→ RECORD SET
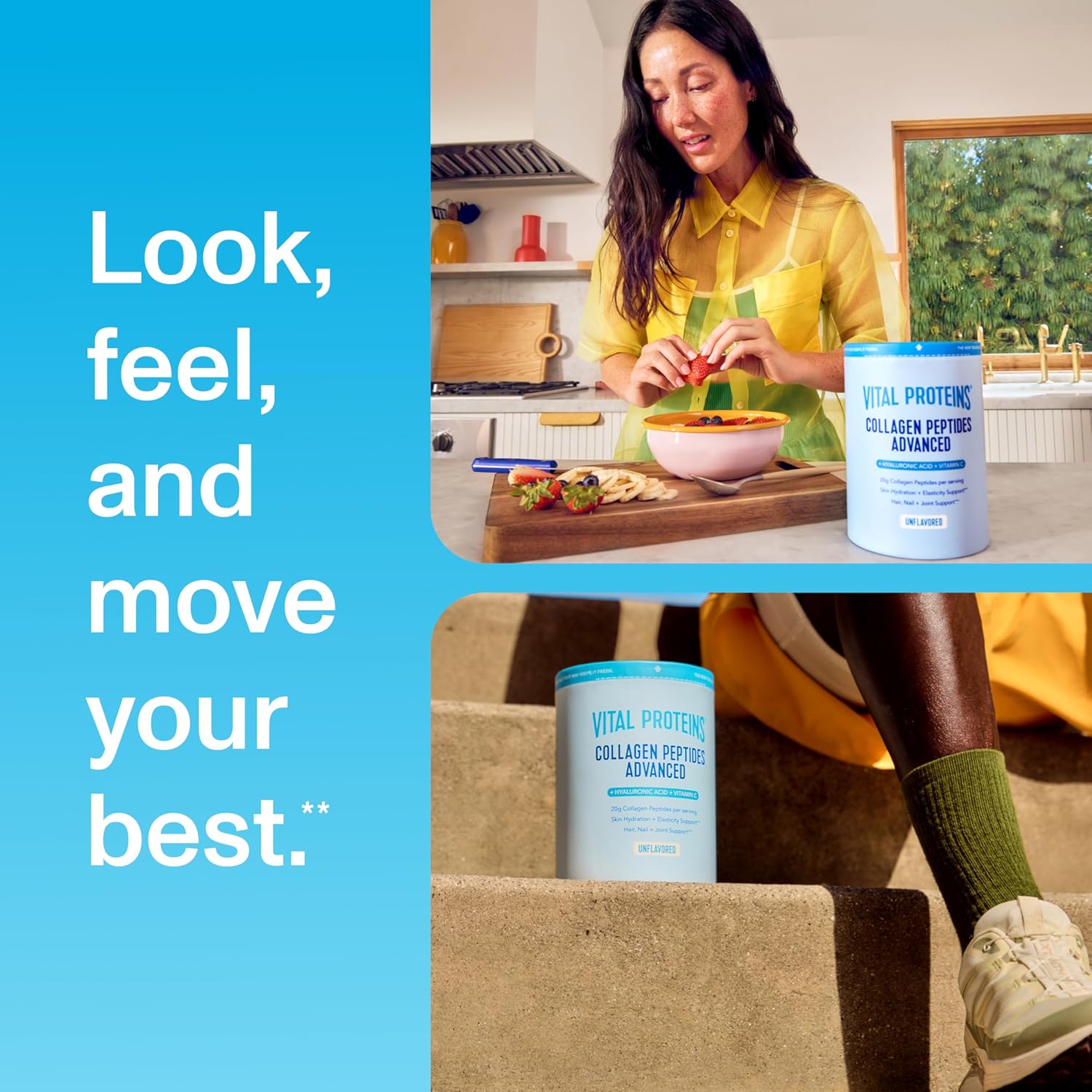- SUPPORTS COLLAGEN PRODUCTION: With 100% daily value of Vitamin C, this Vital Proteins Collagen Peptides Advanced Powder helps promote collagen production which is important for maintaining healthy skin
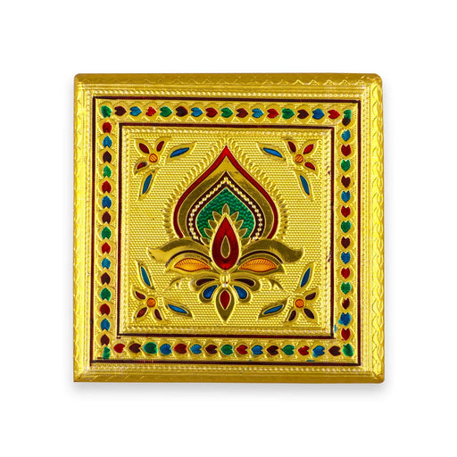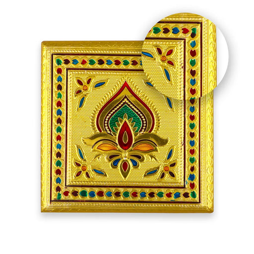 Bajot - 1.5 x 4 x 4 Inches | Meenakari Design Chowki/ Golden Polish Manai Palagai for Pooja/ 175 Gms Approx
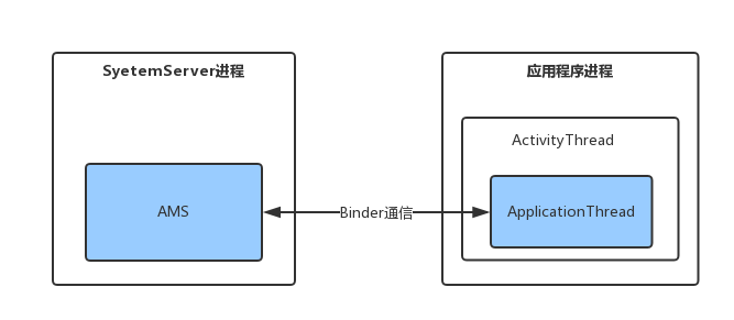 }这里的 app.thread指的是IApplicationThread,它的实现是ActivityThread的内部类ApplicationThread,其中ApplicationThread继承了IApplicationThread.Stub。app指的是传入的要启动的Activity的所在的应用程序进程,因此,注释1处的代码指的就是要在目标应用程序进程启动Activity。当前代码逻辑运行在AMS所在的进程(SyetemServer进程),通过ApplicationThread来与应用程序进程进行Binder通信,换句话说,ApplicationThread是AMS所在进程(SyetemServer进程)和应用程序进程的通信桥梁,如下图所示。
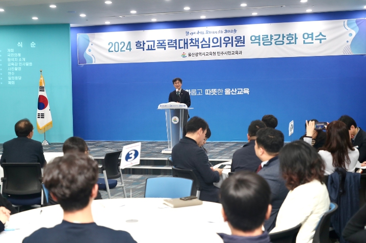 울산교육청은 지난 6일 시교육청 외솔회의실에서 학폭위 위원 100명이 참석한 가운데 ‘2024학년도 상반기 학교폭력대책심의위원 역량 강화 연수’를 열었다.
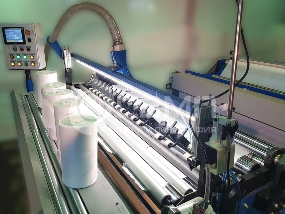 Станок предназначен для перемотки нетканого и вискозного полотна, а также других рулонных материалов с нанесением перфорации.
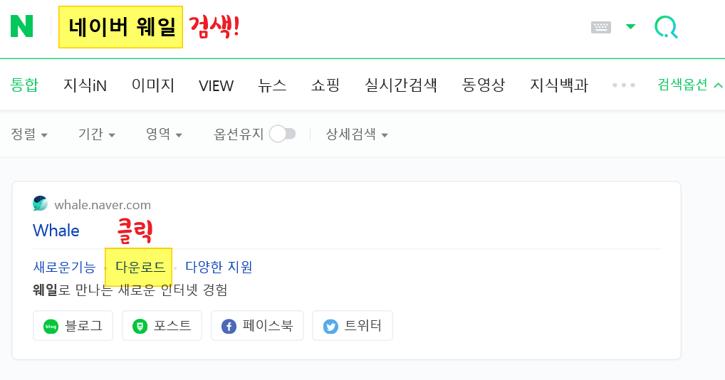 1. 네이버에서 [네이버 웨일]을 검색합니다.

---

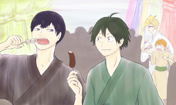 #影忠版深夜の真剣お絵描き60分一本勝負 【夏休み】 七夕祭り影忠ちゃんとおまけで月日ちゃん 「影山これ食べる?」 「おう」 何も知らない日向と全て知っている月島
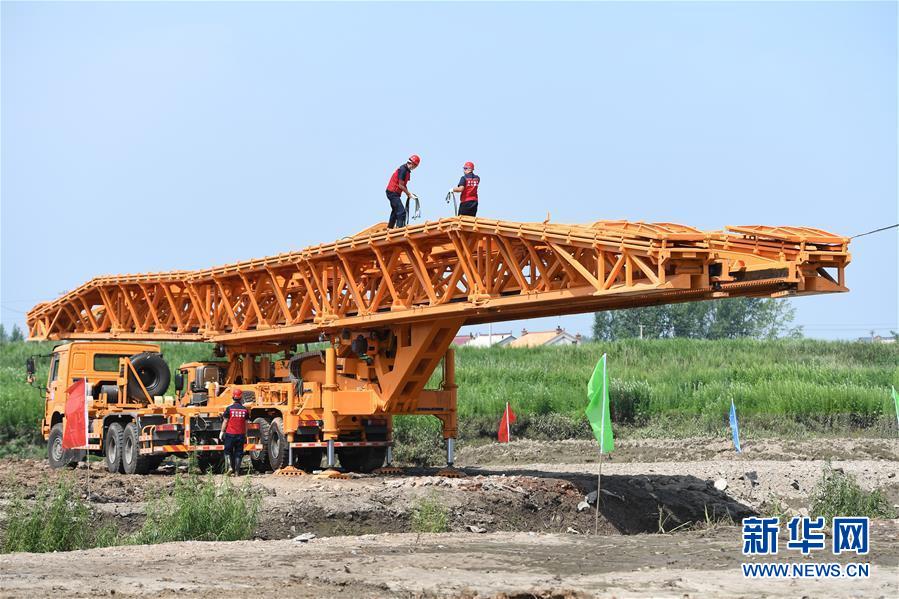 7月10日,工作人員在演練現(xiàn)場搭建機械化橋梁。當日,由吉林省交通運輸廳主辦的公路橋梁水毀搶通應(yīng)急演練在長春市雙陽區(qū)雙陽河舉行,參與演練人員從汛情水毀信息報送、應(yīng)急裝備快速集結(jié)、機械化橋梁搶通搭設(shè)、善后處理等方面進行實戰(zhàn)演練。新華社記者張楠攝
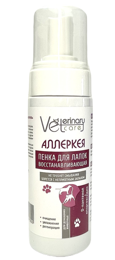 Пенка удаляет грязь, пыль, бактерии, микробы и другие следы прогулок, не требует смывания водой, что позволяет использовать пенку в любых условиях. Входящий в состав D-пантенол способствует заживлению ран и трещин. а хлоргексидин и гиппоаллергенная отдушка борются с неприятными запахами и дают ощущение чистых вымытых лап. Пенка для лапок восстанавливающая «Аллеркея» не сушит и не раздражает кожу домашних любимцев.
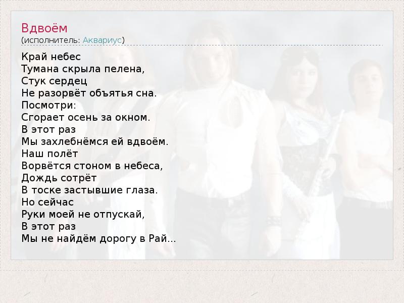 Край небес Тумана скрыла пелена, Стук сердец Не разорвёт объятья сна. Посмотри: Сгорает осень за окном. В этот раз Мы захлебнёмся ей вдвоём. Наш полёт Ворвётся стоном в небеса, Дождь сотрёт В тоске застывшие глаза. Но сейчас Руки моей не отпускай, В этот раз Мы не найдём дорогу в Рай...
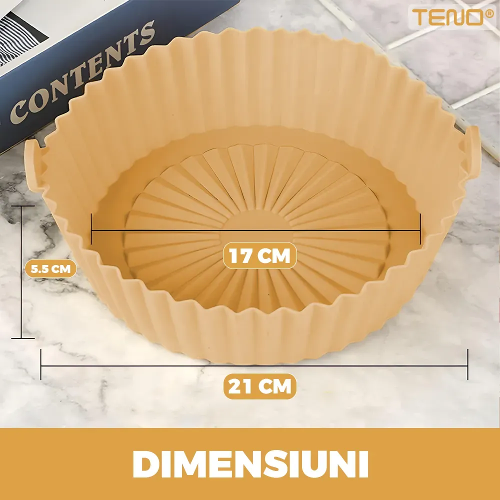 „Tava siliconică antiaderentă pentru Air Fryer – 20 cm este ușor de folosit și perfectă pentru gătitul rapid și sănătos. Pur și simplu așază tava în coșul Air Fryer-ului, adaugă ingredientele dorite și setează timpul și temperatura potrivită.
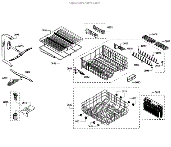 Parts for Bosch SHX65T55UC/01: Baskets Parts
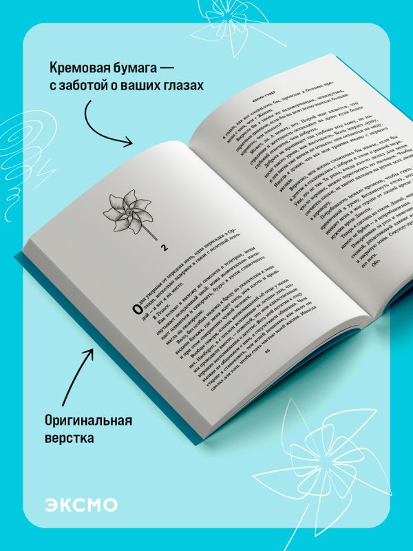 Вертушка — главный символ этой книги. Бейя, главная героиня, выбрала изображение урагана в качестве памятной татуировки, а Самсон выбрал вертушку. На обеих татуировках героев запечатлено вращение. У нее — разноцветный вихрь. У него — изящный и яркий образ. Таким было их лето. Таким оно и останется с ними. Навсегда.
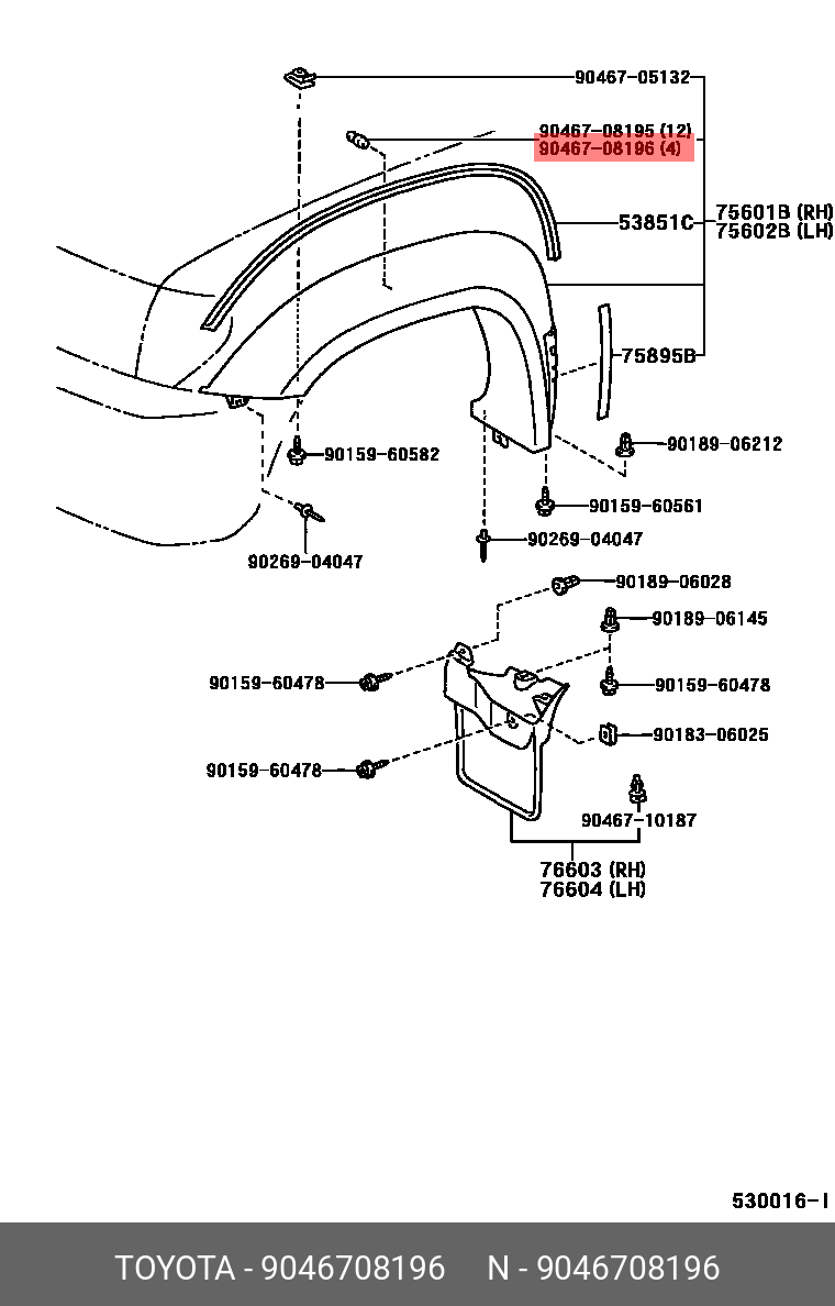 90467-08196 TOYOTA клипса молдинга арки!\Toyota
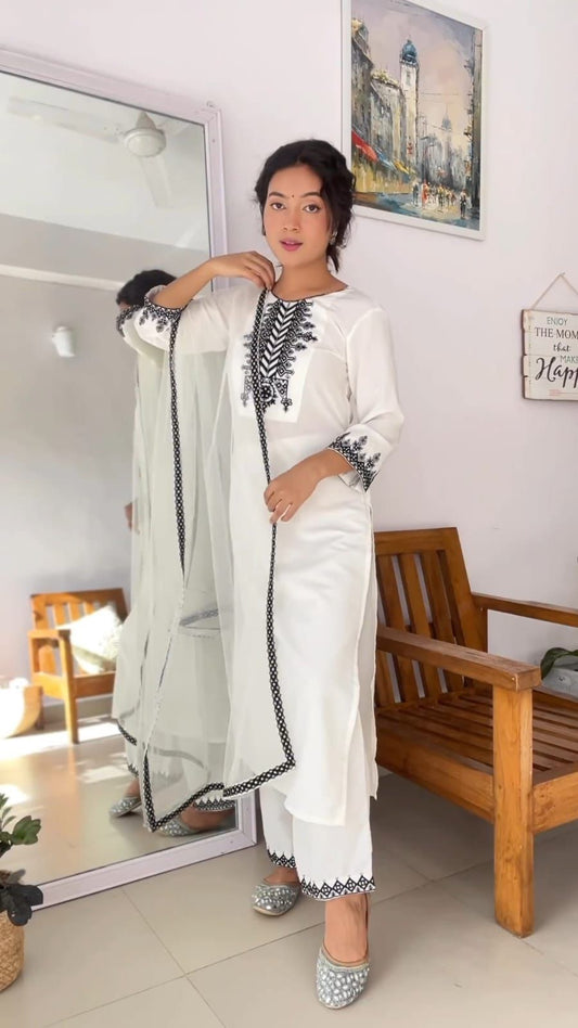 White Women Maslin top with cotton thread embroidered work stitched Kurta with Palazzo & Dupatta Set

→ TRY IT
Return exactly the lines of the material above, starting at the line containing "- SUPPORTS COLLAGEN" and finishing at the line containing "1. 네이버에서 [네이버 웨일]을 검색합니다.", without any pictures.

→ TASK RESPONSE
- SUPPORTS COLLAGEN PRODUCTION: With 100% daily value of Vitamin C, this Vital Proteins Collagen Peptides Advanced Powder helps promote collagen production which is important for maintaining healthy skin
 Bajot - 1.5 x 4 x 4 Inches | Meenakari Design Chowki/ Golden Polish Manai Palagai for Pooja/ 175 Gms Approx
 }这里的 app.thread指的是IApplicationThread,它的实现是ActivityThread的内部类ApplicationThread,其中ApplicationThread继承了IApplicationThread.Stub。app指的是传入的要启动的Activity的所在的应用程序进程,因此,注释1处的代码指的就是要在目标应用程序进程启动Activity。当前代码逻辑运行在AMS所在的进程(SyetemServer进程),通过ApplicationThread来与应用程序进程进行Binder通信,换句话说,ApplicationThread是AMS所在进程(SyetemServer进程)和应用程序进程的通信桥梁,如下图所示。
 울산교육청은 지난 6일 시교육청 외솔회의실에서 학폭위 위원 100명이 참석한 가운데 ‘2024학년도 상반기 학교폭력대책심의위원 역량 강화 연수’를 열었다.
 Станок предназначен для перемотки нетканого и вискозного полотна, а также других рулонных материалов с нанесением перфорации.
 1. 네이버에서 [네이버 웨일]을 검색합니다.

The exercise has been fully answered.